The grand jury has heard from Vernon Jordan, the president's confidant, and Betty Currie, the president's secretary. Both had extensive dealings with Ms. Lewinsky and the president, some of them concerning Ms. Lewinsky's role in the Jones case, and both have been described as giving extensive, detailed testimony about Mr. Clinton's role in these matters. In his deposition for the Paula Jones case, Mr. Clinton portrayed himself as only vaguely aware of efforts to help the former White House intern. In the wake of Monday's ruling, Mr. Clinton also may have to worry about what Mr. Lindsey says, although his loyalty to the president has seemed unshakable.

"A government attorney may not invoke the attorney-client privilege in response to grand-jury questions seeking information relating to the possible commission of a federal crime," the three judges ruled. It was Mr. Lindsey who first informed the president that Ms. Jones's lawyers had subpoenaed Ms. Lewinsky to ask about an alleged affair. It isn't clear whether Mr. Lindsey will appeal his case to the full Appeals Court or possibly to the Supreme Court. One possibility: The independent counsel will seek to force Mr. Lindsey's testimony before any appeal can be heard.

For Mr. Clinton, problems could lie in how his testimony stacks up against both his own previous sworn statement and detailed accounts given by others. Specifically, he has to worry about such matters as his assertion that he didn't cause a meeting to be set up between Mr. Jordan and Ms. Lewinsky. "What my memory of this is, if you're asking me did I set the meeting up, I do not believe that I did," he testified in the Jones case. "I think that [Ms. Lewinsky] and Betty were close, and I think Betty did it." Conceivably, that is open to contradiction by Mr. Jordan, Ms. Currie and Ms. Lewinsky.

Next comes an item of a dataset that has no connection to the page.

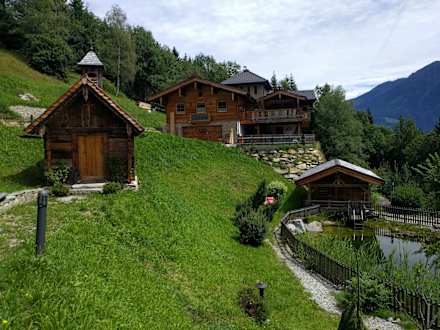 AußenansichtBlick vom Romantikchalet auf den Schwimmteich, die Sauna, die Kapelle und auf den "Adlerhorst" ;-)

While it won't be unassailable, testimony by Ms. Lewinsky on matters not directly related to sex is another potential problem area. With Ms. Lewinsky's meeting with Mr. Starr Monday, it seemed likely she would be appearing before the grand jury eventually and could talk about whether Mr. Clinton ever encouraged her to lie.

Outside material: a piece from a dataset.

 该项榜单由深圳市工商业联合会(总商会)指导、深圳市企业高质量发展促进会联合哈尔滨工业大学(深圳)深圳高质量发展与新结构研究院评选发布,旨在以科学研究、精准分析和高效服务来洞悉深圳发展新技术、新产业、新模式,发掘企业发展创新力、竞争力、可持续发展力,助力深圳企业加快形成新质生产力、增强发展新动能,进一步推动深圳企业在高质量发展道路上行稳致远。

Beyond the particular contours of the Lewinsky investigation are other basic downsides to an appearance. Defense lawyers almost always advise their clients against testifying if their clients are targeted by a prosecutor, says Jack King of the National Association of Criminal Defense Lawyers, because "in all likelihood his statements will be used against him by the government." While Mr. Clinton hasn't been informed by Mr. Starr that he is a target, "for all intents and purposes he is the target of this investigation whether he got a target letter or not."

Ordinarily, citizens can invoke the Fifth Amendment to avoid questioning by a prosecutor. Most people think Mr. Clinton can't do that for political reasons, but the president could refuse to testify on loftier grounds. Some in the White House and elsewhere believe the only body empowered under the Constitution to question the president's conduct is the House of Representatives. Many scholars believe presidents can't be indicted and thus, by extension, shouldn't be forced to testify potentially against themselves.

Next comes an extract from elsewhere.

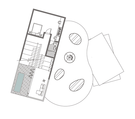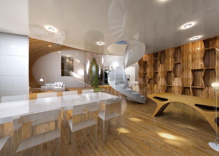 這雖然是一座用于休閑的家庭別墅,總共有3層,最高層在蠶繭的中央,分別是圓形的廚房和客廳。右面分布著臥室。3層與家庭房鏈接的是圖書室,溫暖的午后,坐在屋頂的花園,一杯咖啡,一本書,足以度過一個悠閑的下午。

"I think there's a strong constitutional case to be made that a subpoena can't be enforced against the president, but it is an open question in constitutional law," said Paul Rothstein of Georgetown University Law Center.

Whether the president testifies may come down to considerations of law and defense strategy rather than the finer points of the negotiations between Mr. Kendall and prosecutors. The two sides aren't far from an agreement. Mr. Kendall wants to sit in on Mr. Clinton's testimony, have it take place at the White House, know in advance what it will concern and have limits on its scope. While these would be extraordinary demands in a regular criminal case, Mr. Starr has agreed to most of them on previous occasions.

The only truly large concession Mr. Starr would be making, lawyers familiar with the case say, would be to agree to limits on scope. He might do so to force an agreement with Mr. Kendall and bring Mr. Clinton to the witness stand whether he wants to be there or not.